[Supplied data — start]

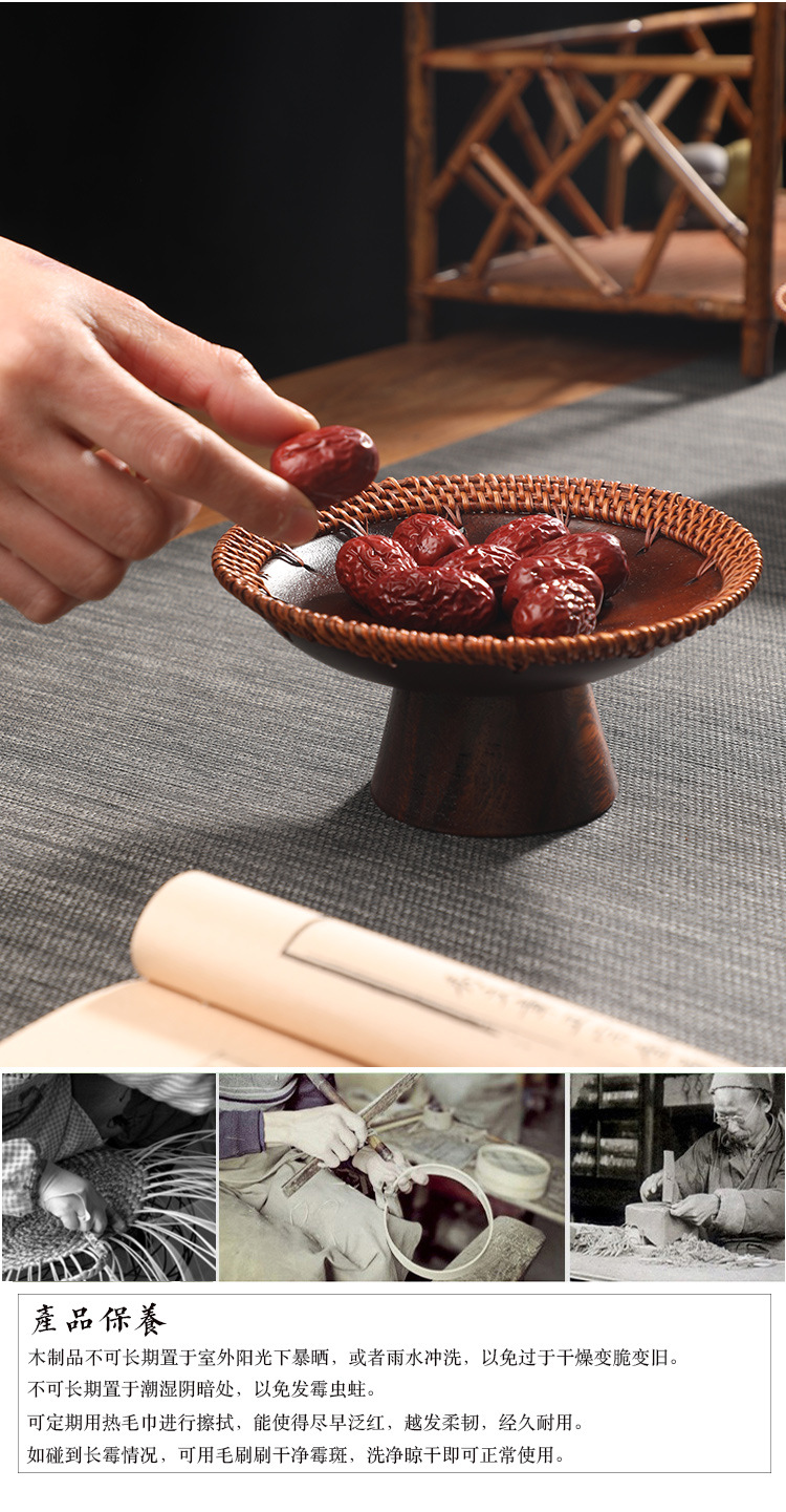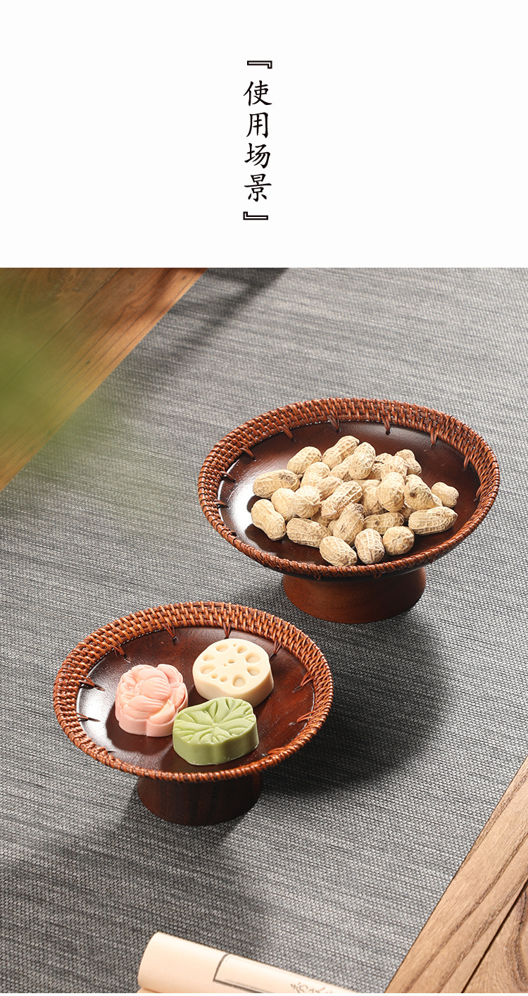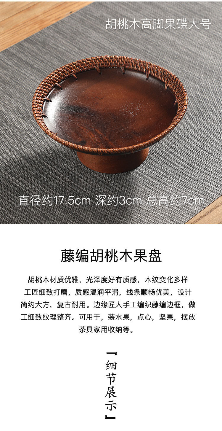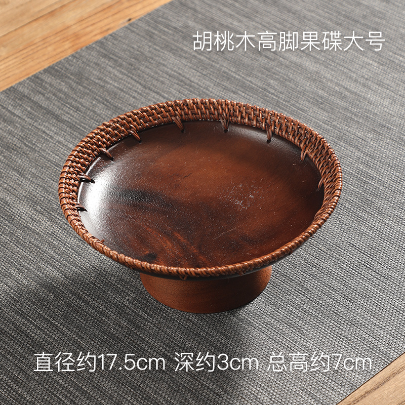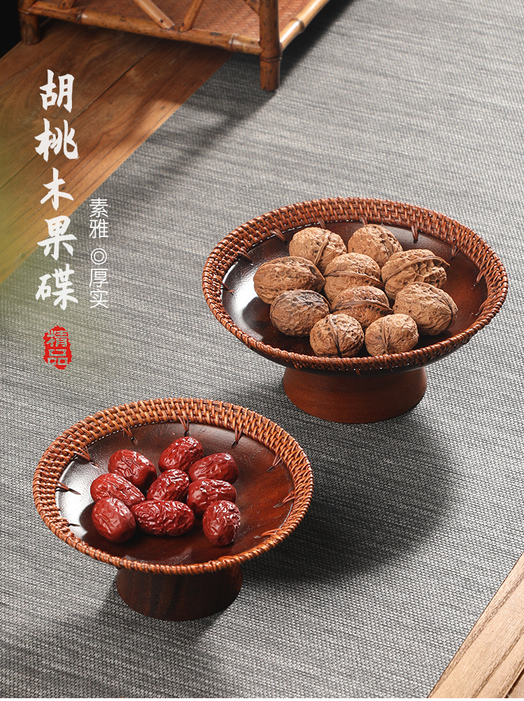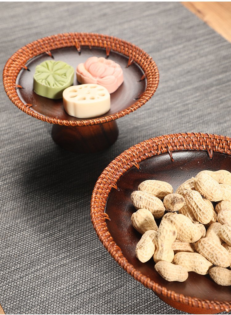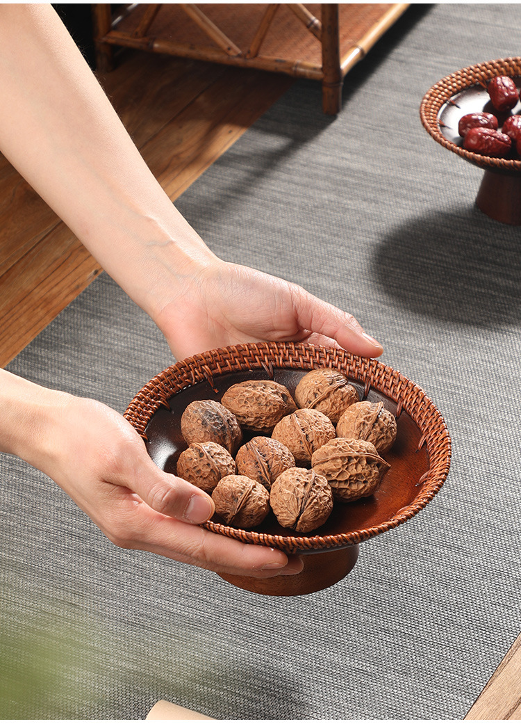 수제 등나무 키 큰 호두 과일 접시 중국 단단한 나무 딤섬 바구니 멜론 씨앗 접시 과자 말린 과일 차 보관 바구니스토어 가기
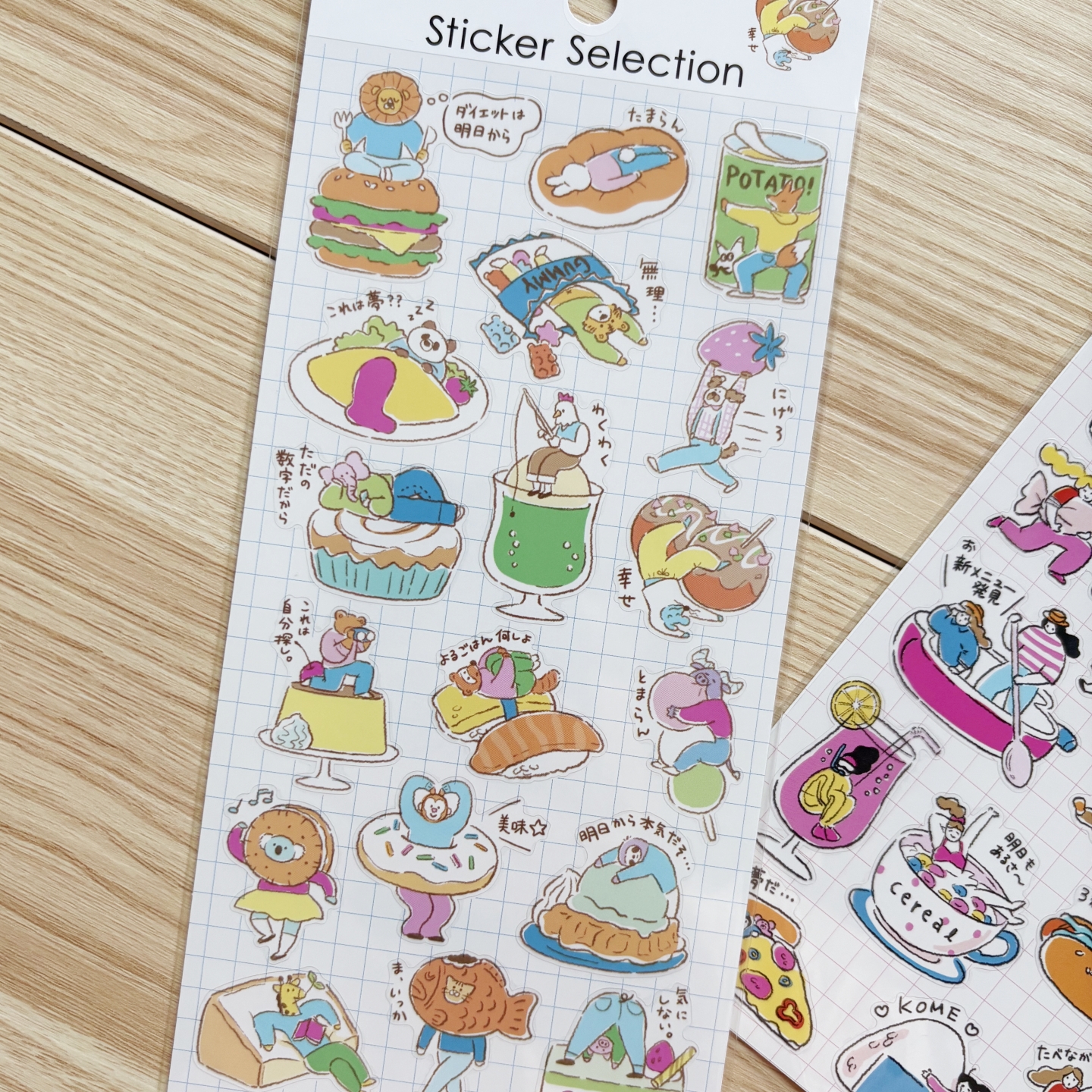 您的位置: 蘑菇屯 日本进口 gaia手绘美食小人贴纸 减肥人物甜点装饰贴画
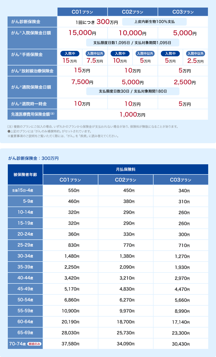 保険料は5歳きざみの年齢区分ごとに設定(例えば40歳~44歳が同じ保険料となります。)しており、保険期間開始時点の満年齢により保険料が決まります。したがって、更新の際に年齢区分が変わる場合(例:30歳・35歳・40歳・45歳等)には、保険料が変わります。
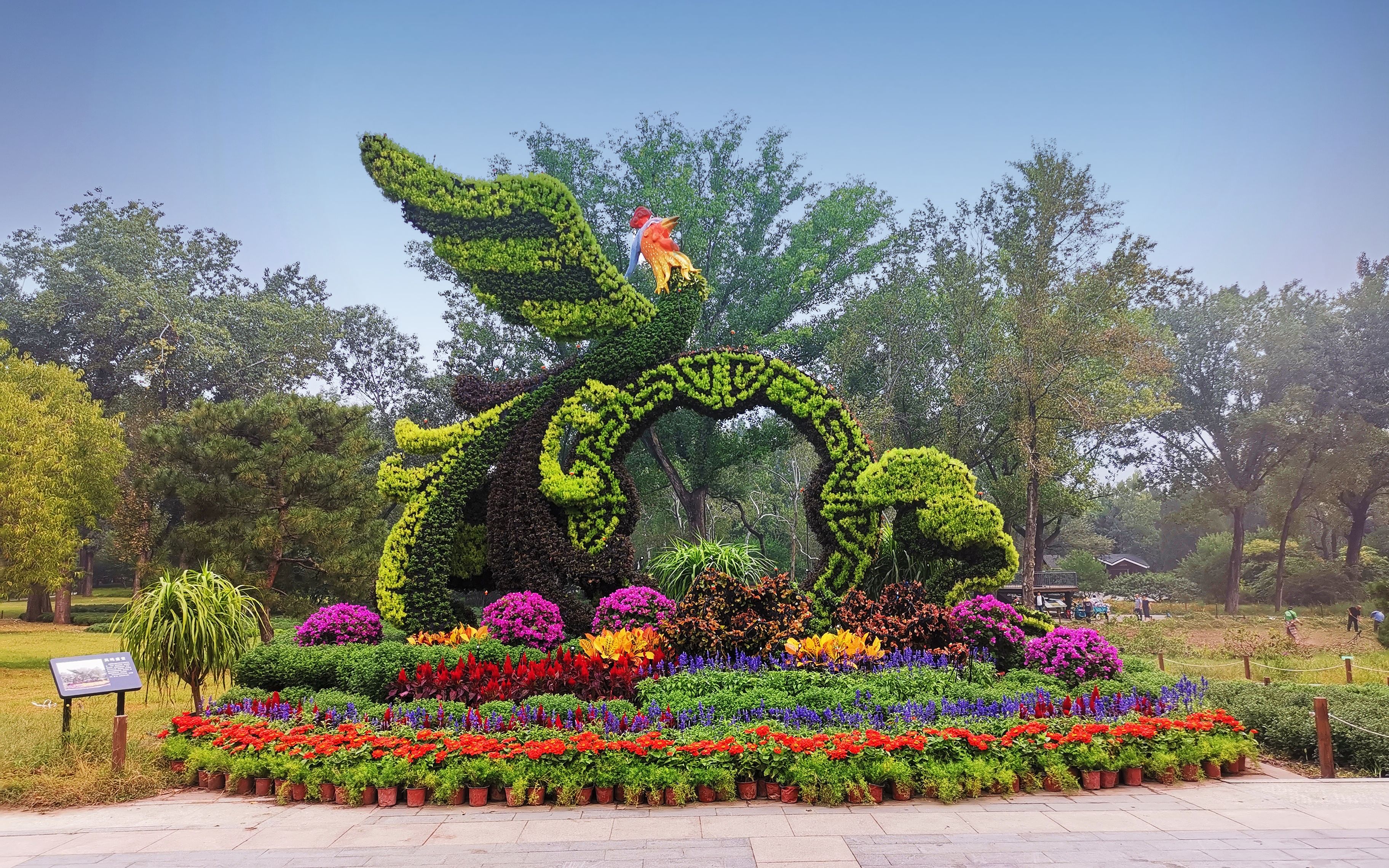 国家植物园(北园)科普馆西侧的“凤鸣盛世”花坛,主体为凤凰造型,地面摆放以菊花为主的应季花卉,打造南门小轴线景观,代表了“龙凤呈祥”的美好寓意。“绘·梦”花坛在北京动物园南门广场呈现,姿态万千的各色花卉错落搭配,模拟山川溪流、大熊猫在花间场景,寓意万物和谐共生,共绘美美与共的美好生活。
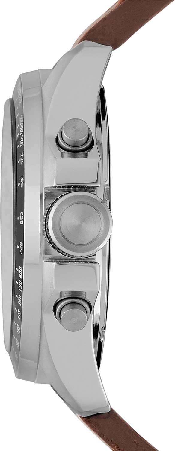 Часы Fossil Decker CH2885 часы-хронографХронографФункция позволяет измерять отрезки времени с особой точностью: часы, минуты, секунды. Верным признаком хронографа является наличие на циферблате 3 дополнительных окошек-счётчиков. с секундомеромСекундомерСекундоме́р — прибор, способный измерять интервалы времени с точностью до долей секунды. идеально подойдут для тех, кто ценит классический стиль, дополненный современными деталями, и ищет аксессуар, способный подчеркнуть их индивидуальность и элегантность. Эти мужские наручные часы производятся в США и оснащены надежным кварцевым механизмом, который обеспечивает точность и стабильность в работе. Корпус из нержавеющей стали диаметром 44 мм гарантирует долговечность и придает часам стильный и современный вид. Метки в виде штрихов придают циферблату классический акцент, а рифленая заводная головка облегчает настройку времени. Метки с люминесцентным покрытиемЛюминесцентное покрытиеПозволяет считывать показания времени в темноте. Производители наносят на стрелки, часовые индексы, безель или поверхность циферблата светонакопительный состав, дающий холодное свечение. позволяют легко считывать время даже в условиях низкой освещенности. Кожаный ремешок на стандартной застёжке обеспечивает комфортное ношение и надежную фиксацию на запястье. Водозащита 100 метров позволит плавать, нырять и заниматься другими водными видами спорта, а минеральное стеклоМинеральное стеклоМинеральное стекло представляет собой искусственно выращенный минерал кварца. Такое стекло отличается особой устойчивостью к повреждениям и царапинам. Уступает по некоторым качествам сапфировому стеклу. оберегает циферблат от царапин и повреждений. Окошко даты находится в положении 4 часа. ТахиметрТахиметрРазмеченная шкала, располагается на ободке или безеле часов. Тахиметр позволяет рассчитать скорость на определённом участке пути, расстояние измеряется в километрах или милях. по внешнему краю.
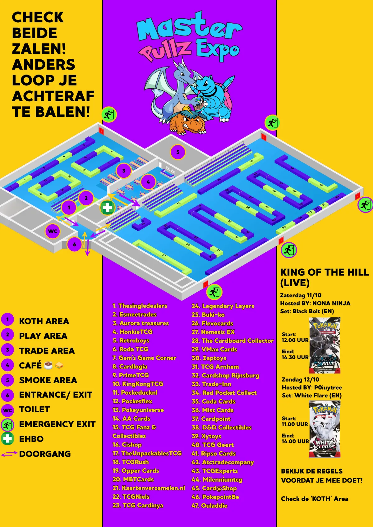 Master Pullz Expo is ontstaan uit pure passie voor Pokémon TCG. Met deze eerste editie willen we een plek creëren waar verzamelaars, traders en fans elkaar kunnen ontmoeten en inspireren. Verwacht een beurs vol unieke kaarten, gezellige stands en exclusieve activiteiten . Alles voor de ultieme Pokémon beleving!
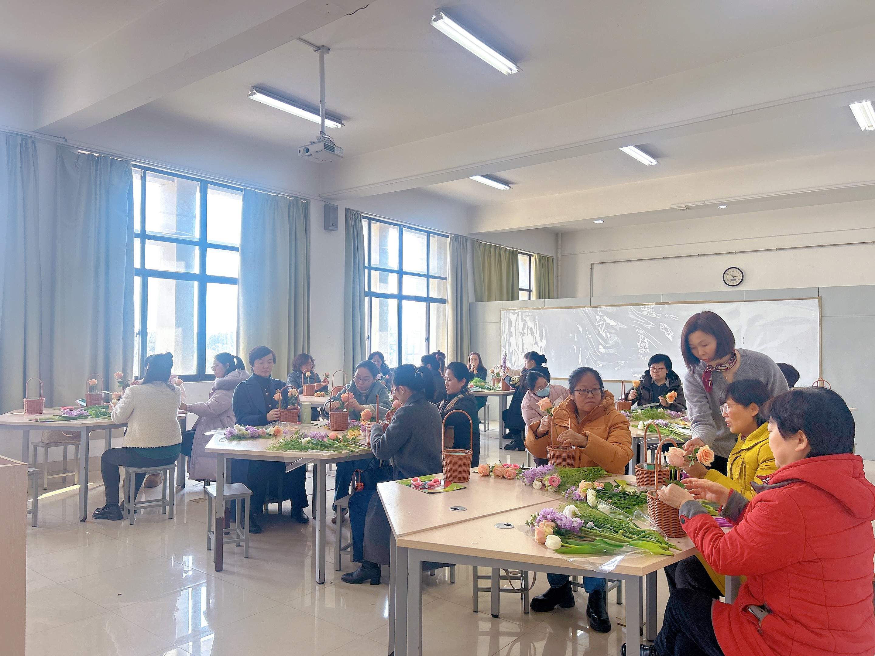 为丰富女教职工的业余文化生活,营造和谐融洽的校园氛围,节日期间,校工会开展了花艺沙龙、蛋糕制作小课堂等系列生活美学DIY类、衣物免费护理体验、八段锦教学等活动。让女教职工们在活动中舒展身心,感受生活之美,激发生活热情,提升艺术修养和审美情趣,以更加饱满的精神状态投入到教学科研和服务管理等各项工作。
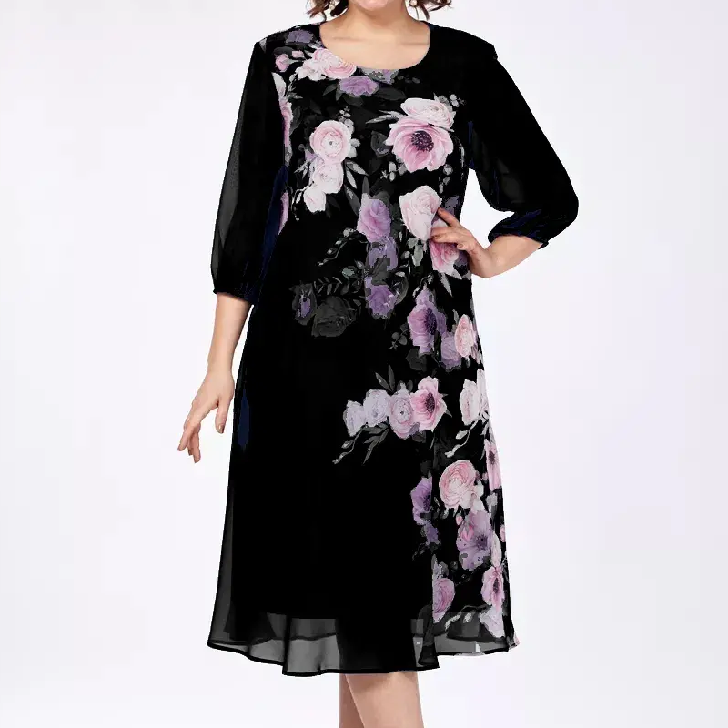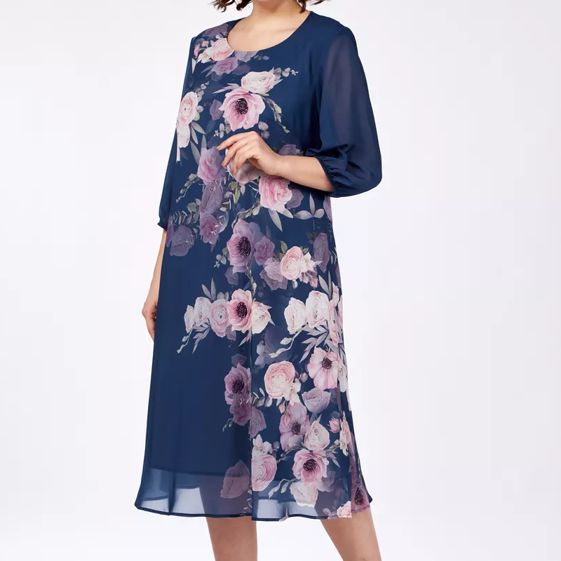 Elegantiška gėlėto rašto šifono suknelė su apvalia iškirpte-LT
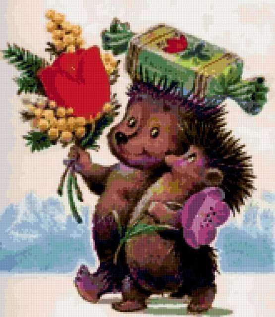 Ориентировочно так, схема вышивки «Variant 4», созданная автором Lamisa, будет выглядеть при отшиве на канве. Размер данной вышивки равен 165x190 крестов, при этом используется 59 цветов. Ключевые слова, по которым можно найти эту схему: детям. Также, вы можете взглянуть на оригинальную картинку, соответствующую данной схеме вышивки.

[Supplied data — finish]

The answer should consist only of the lines from the one with "Elegantiška gėlėto rašto" through the last line of the material above, copied exactly, with no pictures.

 Elegantiška gėlėto rašto šifono suknelė su apvalia iškirpte-LT
 Ориентировочно так, схема вышивки «Variant 4», созданная автором Lamisa, будет выглядеть при отшиве на канве. Размер данной вышивки равен 165x190 крестов, при этом используется 59 цветов. Ключевые слова, по которым можно найти эту схему: детям. Также, вы можете взглянуть на оригинальную картинку, соответствующую данной схеме вышивки.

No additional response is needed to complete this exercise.